*** Data to process
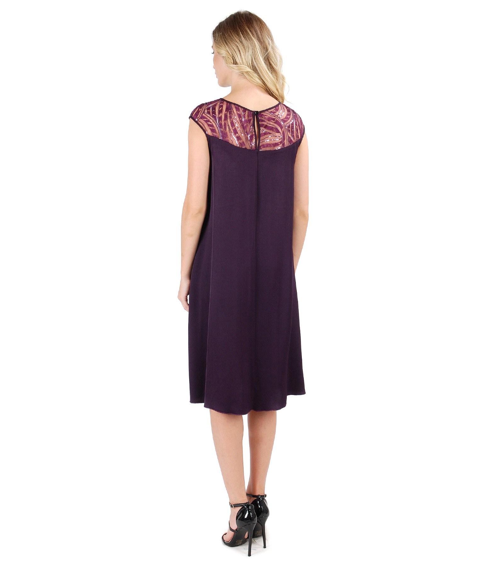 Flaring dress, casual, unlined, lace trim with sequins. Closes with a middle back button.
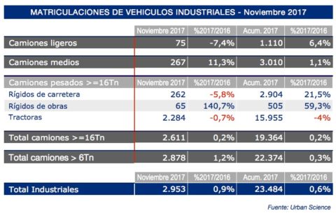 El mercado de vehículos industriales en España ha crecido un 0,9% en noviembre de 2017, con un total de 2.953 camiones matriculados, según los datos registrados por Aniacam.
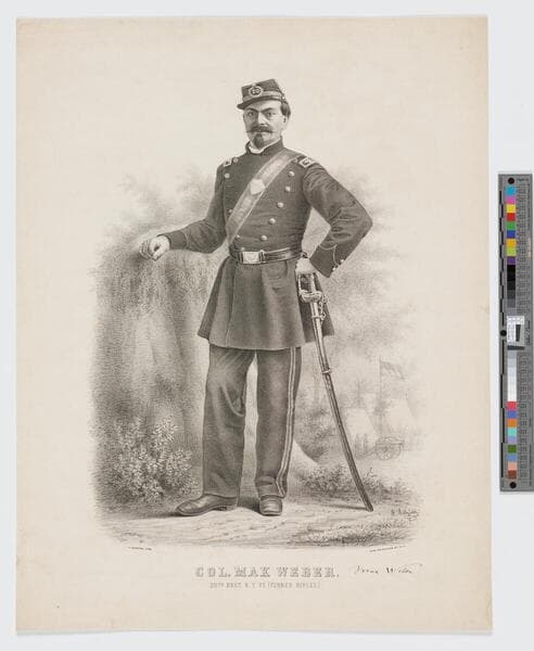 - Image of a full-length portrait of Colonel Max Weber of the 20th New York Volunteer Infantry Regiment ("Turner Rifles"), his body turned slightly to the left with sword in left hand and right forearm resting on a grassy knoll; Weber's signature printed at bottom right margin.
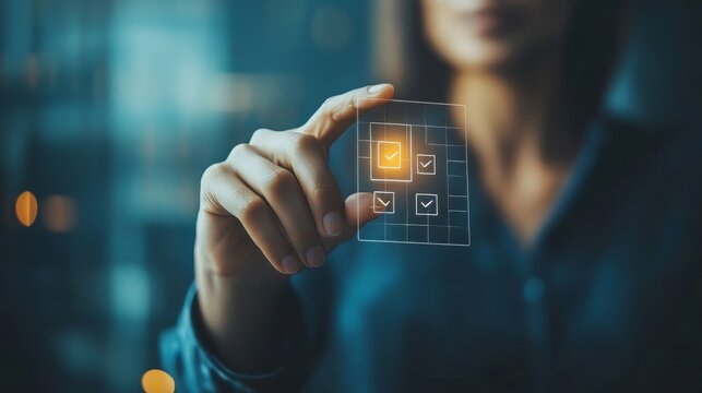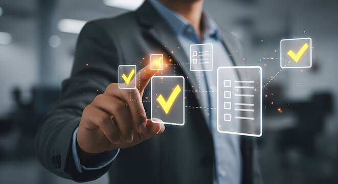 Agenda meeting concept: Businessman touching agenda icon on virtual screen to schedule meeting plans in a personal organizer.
******
*** Data to process
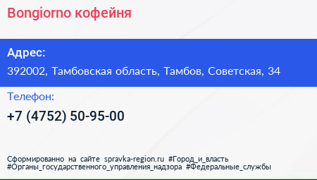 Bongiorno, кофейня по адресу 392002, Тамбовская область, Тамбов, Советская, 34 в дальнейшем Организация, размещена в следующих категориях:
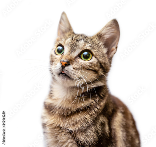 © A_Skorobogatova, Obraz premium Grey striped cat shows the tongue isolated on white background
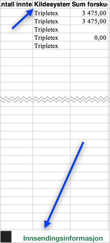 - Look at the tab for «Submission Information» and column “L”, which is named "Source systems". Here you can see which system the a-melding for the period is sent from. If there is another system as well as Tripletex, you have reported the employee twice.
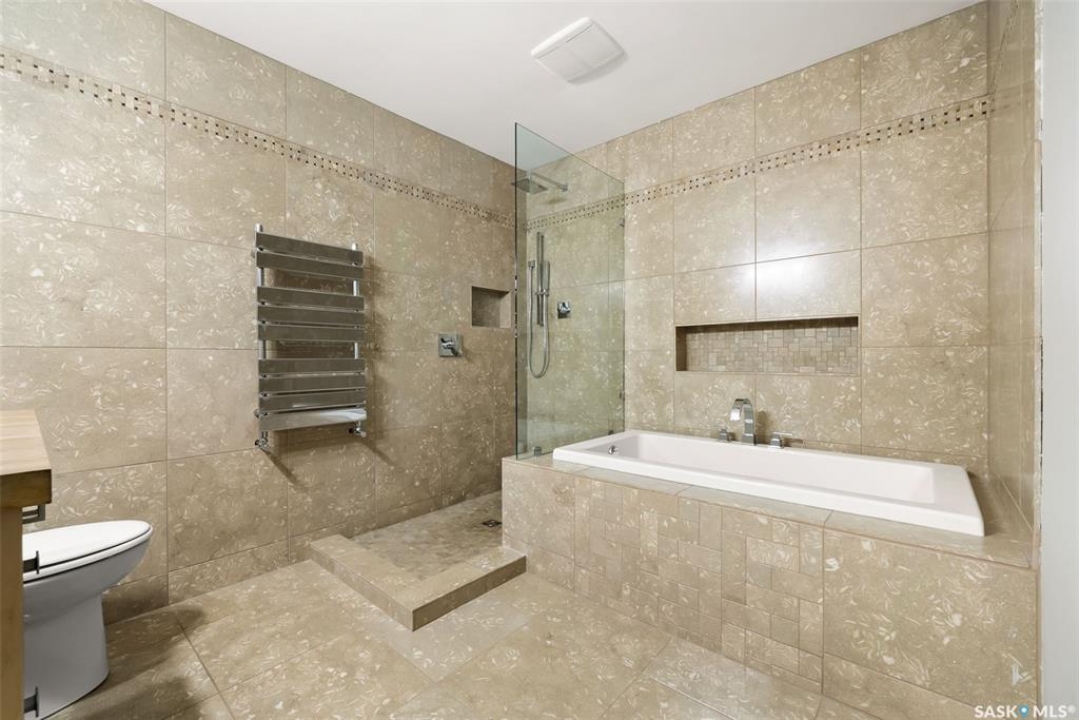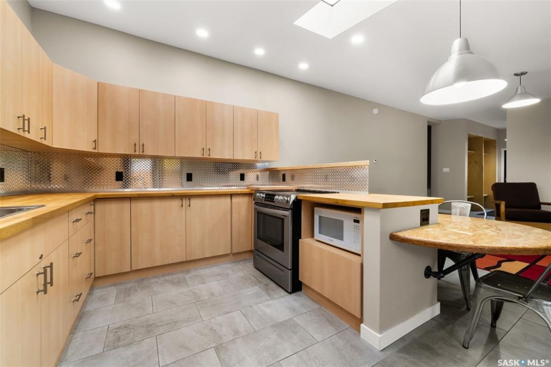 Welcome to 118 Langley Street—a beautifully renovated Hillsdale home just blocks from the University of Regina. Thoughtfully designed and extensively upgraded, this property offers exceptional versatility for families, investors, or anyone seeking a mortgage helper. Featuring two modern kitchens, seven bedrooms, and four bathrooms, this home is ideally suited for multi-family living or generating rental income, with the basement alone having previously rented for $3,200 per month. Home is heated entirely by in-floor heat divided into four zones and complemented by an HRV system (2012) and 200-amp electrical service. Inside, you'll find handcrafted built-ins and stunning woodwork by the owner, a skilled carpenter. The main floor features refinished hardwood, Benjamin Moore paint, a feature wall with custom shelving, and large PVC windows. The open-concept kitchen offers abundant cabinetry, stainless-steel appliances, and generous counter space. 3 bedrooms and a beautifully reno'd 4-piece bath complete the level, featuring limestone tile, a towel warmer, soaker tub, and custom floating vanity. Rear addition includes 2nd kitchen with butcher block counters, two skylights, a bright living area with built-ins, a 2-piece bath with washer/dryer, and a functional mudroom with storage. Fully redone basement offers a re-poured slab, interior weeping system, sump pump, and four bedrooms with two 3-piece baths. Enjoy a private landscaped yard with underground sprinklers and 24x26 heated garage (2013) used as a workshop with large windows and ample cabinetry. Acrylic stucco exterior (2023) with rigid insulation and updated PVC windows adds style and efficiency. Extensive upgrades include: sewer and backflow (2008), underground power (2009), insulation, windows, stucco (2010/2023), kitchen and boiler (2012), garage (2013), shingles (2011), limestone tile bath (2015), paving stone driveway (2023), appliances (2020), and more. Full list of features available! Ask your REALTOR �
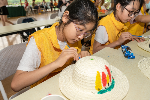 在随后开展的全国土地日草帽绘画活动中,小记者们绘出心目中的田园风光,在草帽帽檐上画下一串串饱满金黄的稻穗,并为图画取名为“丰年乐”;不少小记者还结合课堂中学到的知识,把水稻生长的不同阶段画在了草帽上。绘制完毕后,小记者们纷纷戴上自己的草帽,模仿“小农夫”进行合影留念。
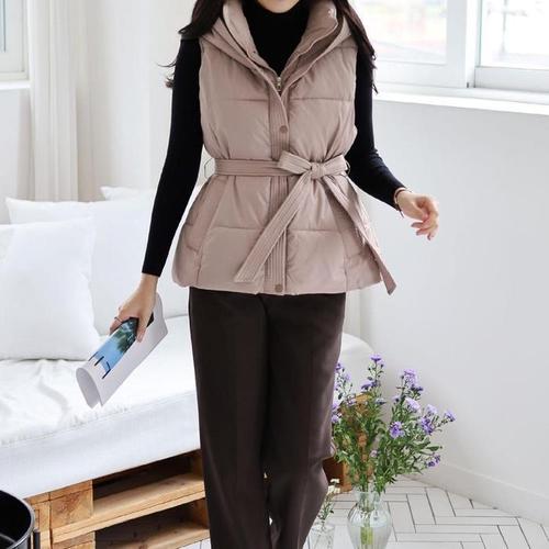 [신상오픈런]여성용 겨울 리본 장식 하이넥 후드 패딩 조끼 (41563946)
******
* Exercise objective
Your output should be the lines above from the one that contains "在随后开展的全国土地日草帽绘" through the one that contains "[신상오픈런]여성용 겨울 리본 장식 하이넥 후드 패딩 조끼 (41563946)", word for word, with pictures left out.

* Solution to this task
 在随后开展的全国土地日草帽绘画活动中,小记者们绘出心目中的田园风光,在草帽帽檐上画下一串串饱满金黄的稻穗,并为图画取名为“丰年乐”;不少小记者还结合课堂中学到的知识,把水稻生长的不同阶段画在了草帽上。绘制完毕后,小记者们纷纷戴上自己的草帽,模仿“小农夫”进行合影留念。
 [신상오픈런]여성용 겨울 리본 장식 하이넥 후드 패딩 조끼 (41563946)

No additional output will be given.